Chanter pour conjurer la mort
C’était en 2015. Ce devait être temporaire. Aujourd’hui, Aminta Sène a une cinquantaine de chansons à son répertoire. Elle écrit, joue et chante. Beaucoup sur le temps. Celui qui passe. "Je suis quelqu’un de très angoissé et d’insomniaque. Il n’y a que quand je chante que j’ai l’impression d’être immortelle." La musique, comme un contrôle sur la vie. Une protection.
Après une décennie à donner un concert permanent dans sa ville natale, voici le salaire qui vient. Aminta Sène vient de sortir son premier CD, « Juste à temps », un EP de six titres.

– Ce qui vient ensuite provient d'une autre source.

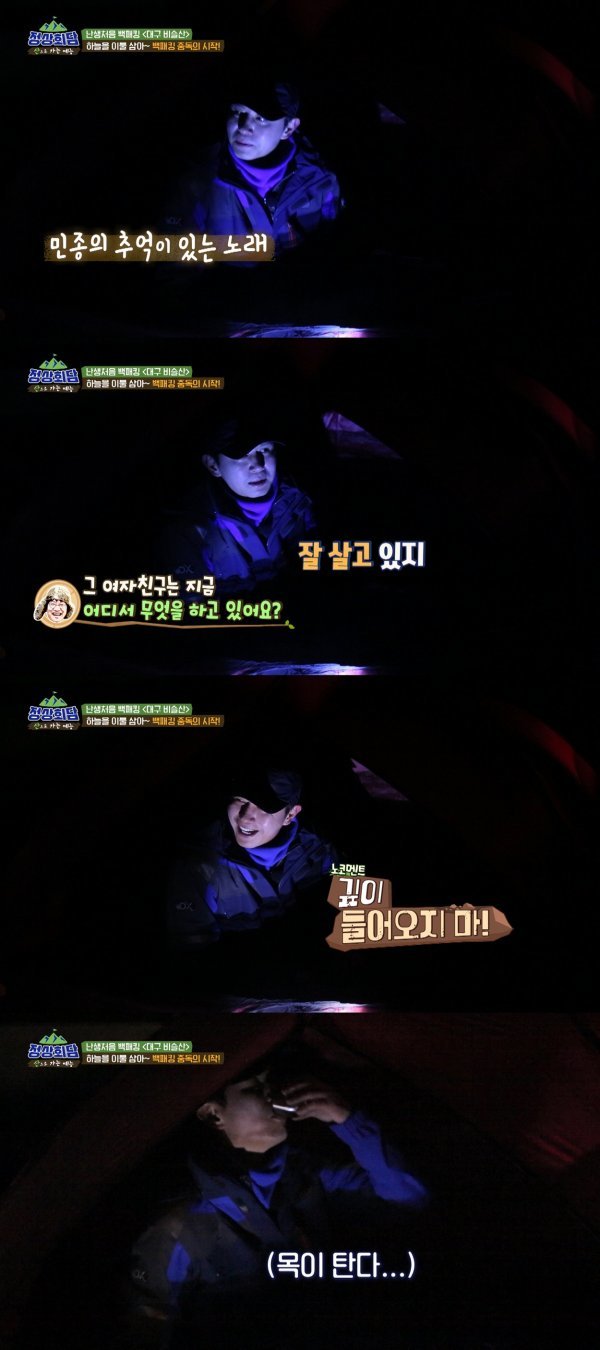 제작진에 따르면 이날 ‘정상회담’ 멤버들은 비슬산 참꽃군락지에서 태어나 처음으로 백패킹을 경험한다. 멤버들은 텐트 안에서 쏟아질 듯한 별빛을 보며 진솔한 토크 타임을 가진다. 각자 떠오르는 사람에게 영상 편지를 보내며 토크 분위기가 무르익을 때쯤, 별을 보던 김민종은 “예전에 사랑했던 사람과의 추억이 생각난다”고 운을 뗐다.

"C’est un cadeau ! C’est mon rêve depuis que je suis toute petite ! Je rêvais d’être Mickaël Jackson ! Heureusement que l’on fait des rencontres qui vous sauvent et vous redonnent de la vitalité !"
Une rencontre dans la rue avec l’un des membres de l’association L’Orbe qui produit des artistes locaux. "Aminta est l’une des premières artistes que je rencontre avec tant d’authenticité, confie Or Majician, qui a produit le disque. Ce n’est pas quelqu’un qui va mettre un masque. Elle va vivre son art littéralement. Et c’est particulièrement inspirant de voir une personne suivre son rêve depuis plusieurs années et se relever malgré les difficultés."
Un CD en forme de légitimité retrouvée. La chanteuse poitevine espère qu’il va lui ouvrir les portes des festivals et des salles de concert.
Car si elle affiche régulièrement un manque de confiance pathologique, dès qu’il s’agit de musique, de concert, de lumières, de sonorisation, le visage d’Aminta Sène s’anime d’une détermination inébranlable.